Let C be a cube in $R^3$, $C=\{(x,y,z): 0\leq x,y,z,\leq 1\}$.
Find a reflection of a diagonal of a face with respect to a plane orthogonal to main diagonal.
I am trying to study Vector Calculus by myself and do not have a proper explanation of this question. I have checked a Wikipedia page, but there is no formulas on reflections... Please, give ma an idea how to solve this question.
It’s probably easiest to tackle this in two stages.

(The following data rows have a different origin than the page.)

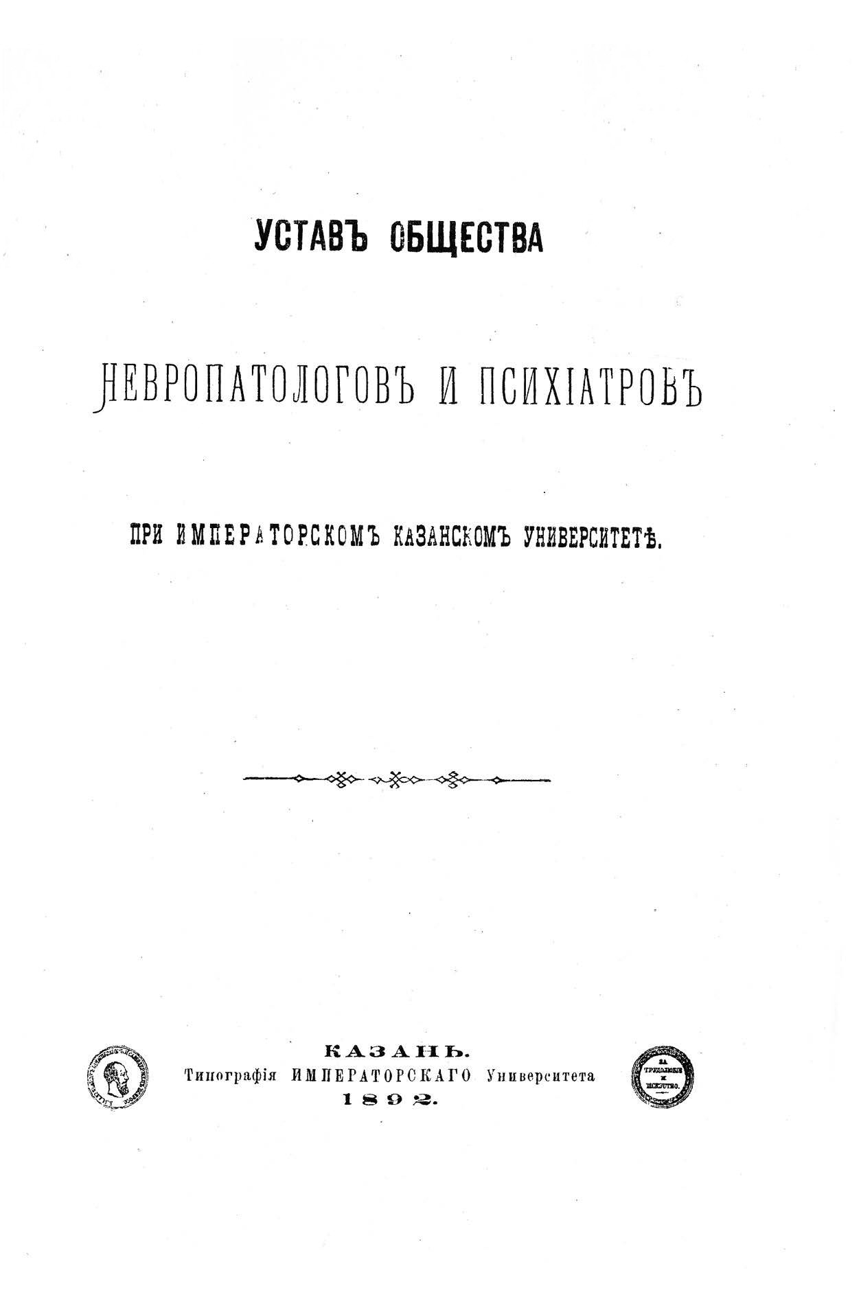 7 Устав общества невропатологов и психиатров при Императорском Казанском университете.—Казань, 1892.
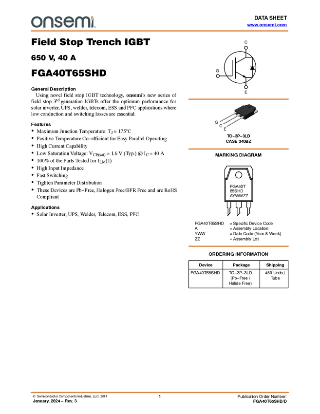 IGBT, 650 V, 40 A Field Stop Trench
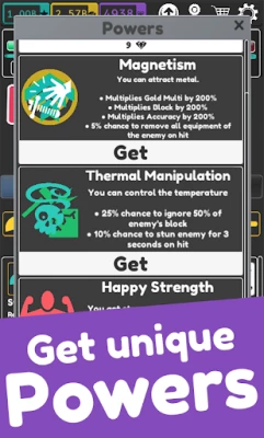 Idle Superpowers is a roguelike idle rpg where you are a superhero who can get multiple superpowers that are combinable and synergize with each other!
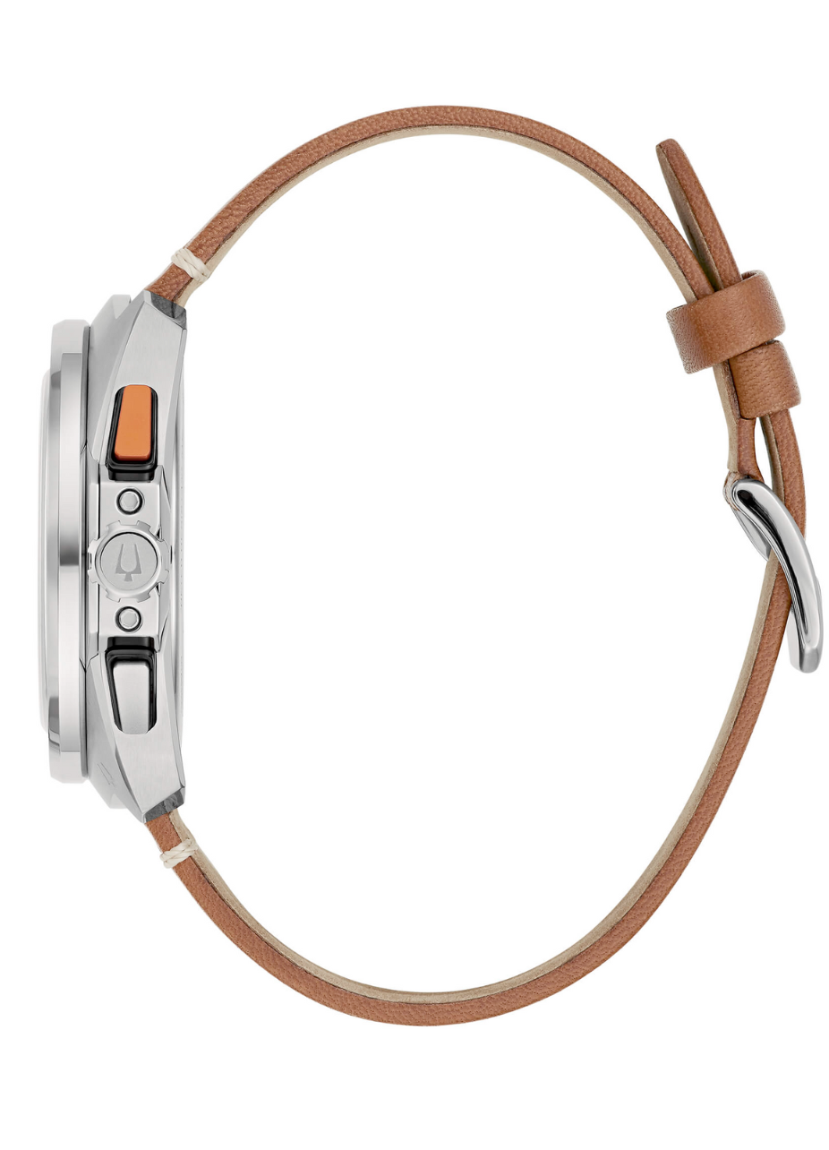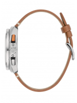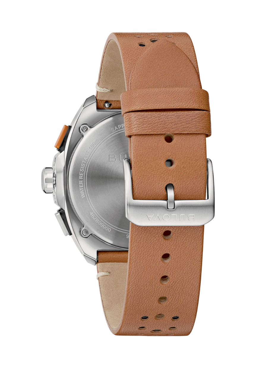 Dotato di un movimento al quarzo di precisione con funzione cronografo, l'orologio è protetto da un vetro zaffiro piatto, quasi immune ai graffi. La cassa in acciaio inossidabile da 42 mm si abbina perfettamente al cinturino in pelle marrone traforata in stile racing, offrendo comfort e un look vintage-sportivo. Con una resistenza all'acqua di 10 Bar (100 metri), è pronto ad affrontare ogni tua avventura, in pista e fuori.
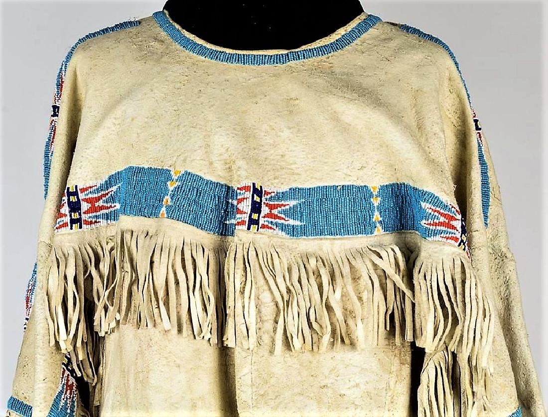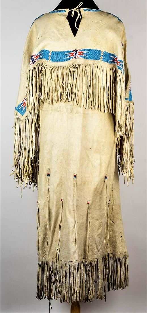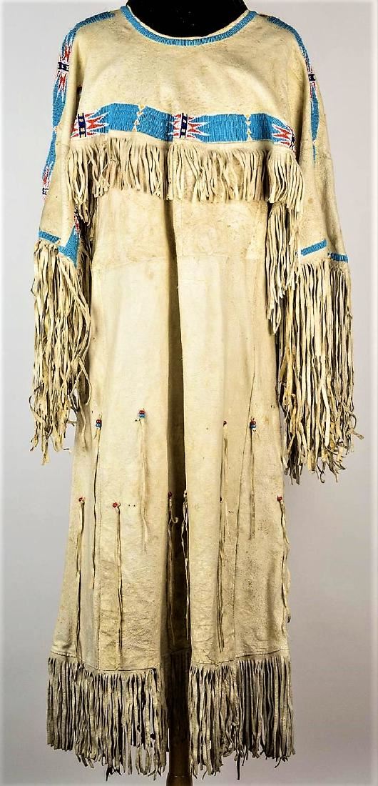 Attractive Southern Cheyenne 1920's beaded dress, with appealing beadwork design and fabulous fringe, on native tanned hide.

First, find a formula for a reflection in a plane through the origin, then extend this to any parallel plane.
As explained in the article linked in the comments, if $\mathbf n$ is the normal to a plane through the origin, then the reflection of a vector $\mathbf v$ relative to this plane can be found by reversing the component of $\mathbf v$ parallel to $\mathbf n$, i,e, $$ R_0\mathbf v = \mathbf v - 2\pi_{\mathbf n}\mathbf v = \mathbf v - 2{\mathbf n\cdot\mathbf v\over\mathbf n\cdot\mathbf n}\mathbf n = \left(1-{\mathbf n\mathbf n^T\over\mathbf n^T\mathbf n}\right)\mathbf v.\tag{*}$$ An arbitrary plane with the same normal is just this plane through the origin shifted by some multiple $\alpha\mathbf n$ of the normal, so the general reflection can be accomplished by translating to the origin, reflecting, and then translating back: $$ R_\alpha\mathbf v = R_0(\mathbf v-\alpha\mathbf n)+\alpha\mathbf n = R_0\mathbf v+2\alpha\mathbf n$$ since $R_0\mathbf n=-\mathbf n$.
I’ll leave it to you to work out how to apply this to the endpoints of the cube’s diagonals. You could represent $R_\alpha$ by a single $4\times4$ matrix by passing to homogeneous coordinates, but that’s not really necessary here since equation (*) tells us that if we take $\mathbf n=(1,1,1)$ then we can compute the general reflection by reflecting relative to the plane through the origin and then adding $2\alpha$ to every coordinate.